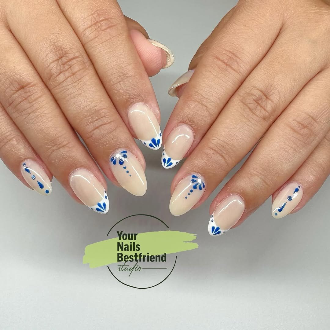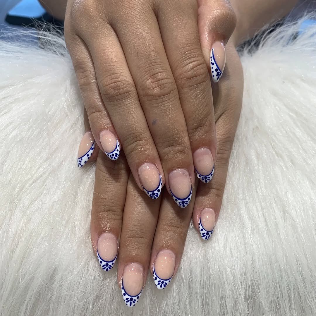 Classic French meets tropical getaway here. The crisp blue tips feel like a dive into deep waters, while the white floral detailing softens it with a breezy, vacation-ready vibe. It’s elegant without being too stiff, and playful without losing its chic edge.
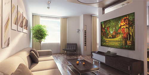 Transform your wall with life-size images instantly with the EH-LS500B. Place the projector just a half meter from the wall and get sharp, full HD resolution up to 130 inches — with no long cables, no shadows, and no glare — for a modern entertainment solution that won’t detract from your decoration.
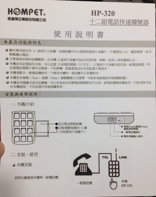 只要將它接上家裡的電話,就可記憶12組號碼,還可自己更換按鍵上的圖片,最適合家中有長輩或是還不會撥號
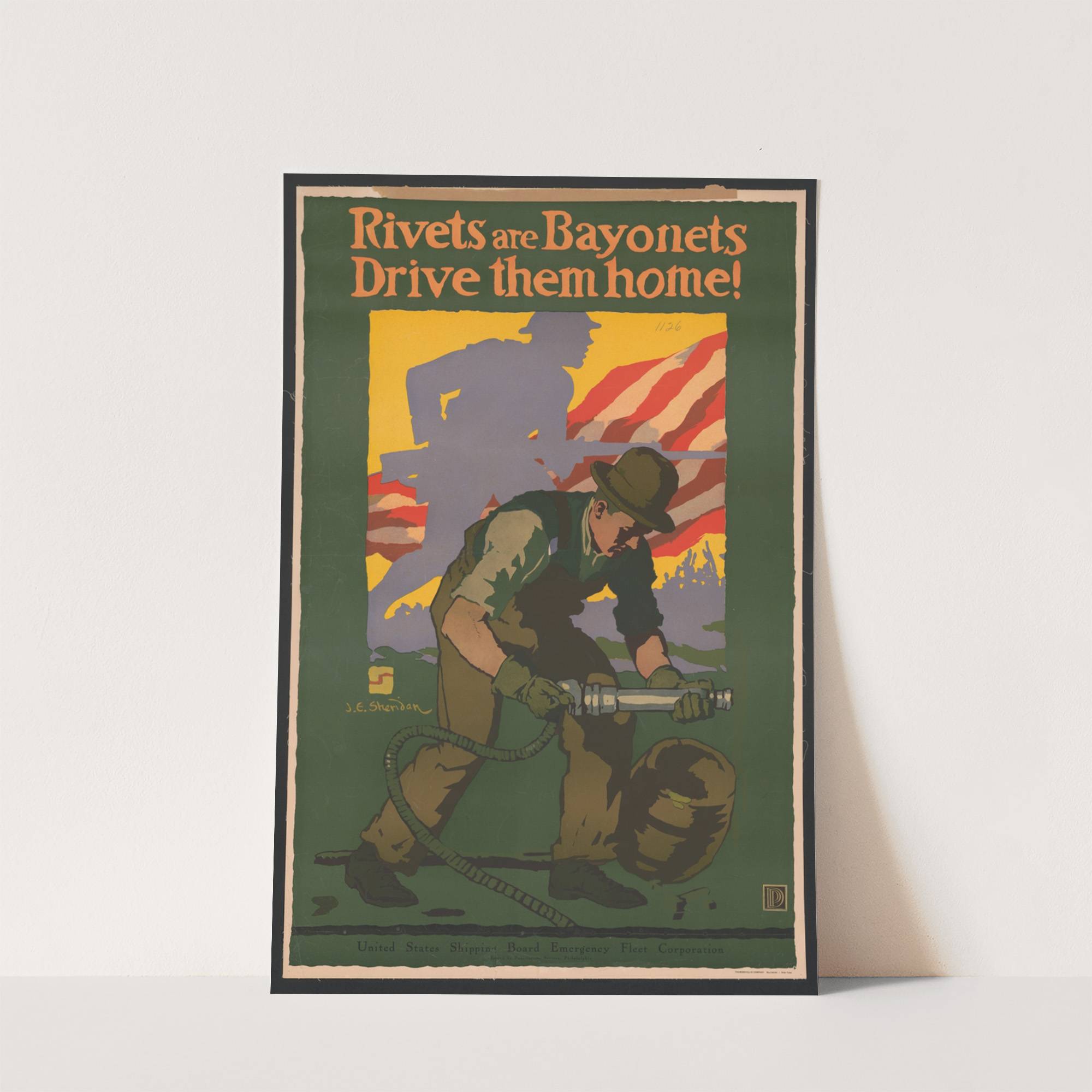 Rivets are bayonets – Drive them home! by John Sheridan - Wall Art Print
++++++++
**Problem description:** For this exercise, transcribe the data above line by line, exactly, with pictures omitted.

**Finished task:**
 Classic French meets tropical getaway here. The crisp blue tips feel like a dive into deep waters, while the white floral detailing softens it with a breezy, vacation-ready vibe. It’s elegant without being too stiff, and playful without losing its chic edge.
 Transform your wall with life-size images instantly with the EH-LS500B. Place the projector just a half meter from the wall and get sharp, full HD resolution up to 130 inches — with no long cables, no shadows, and no glare — for a modern entertainment solution that won’t detract from your decoration.
 只要將它接上家裡的電話,就可記憶12組號碼,還可自己更換按鍵上的圖片,最適合家中有長輩或是還不會撥號
 Rivets are bayonets – Drive them home! by John Sheridan - Wall Art Print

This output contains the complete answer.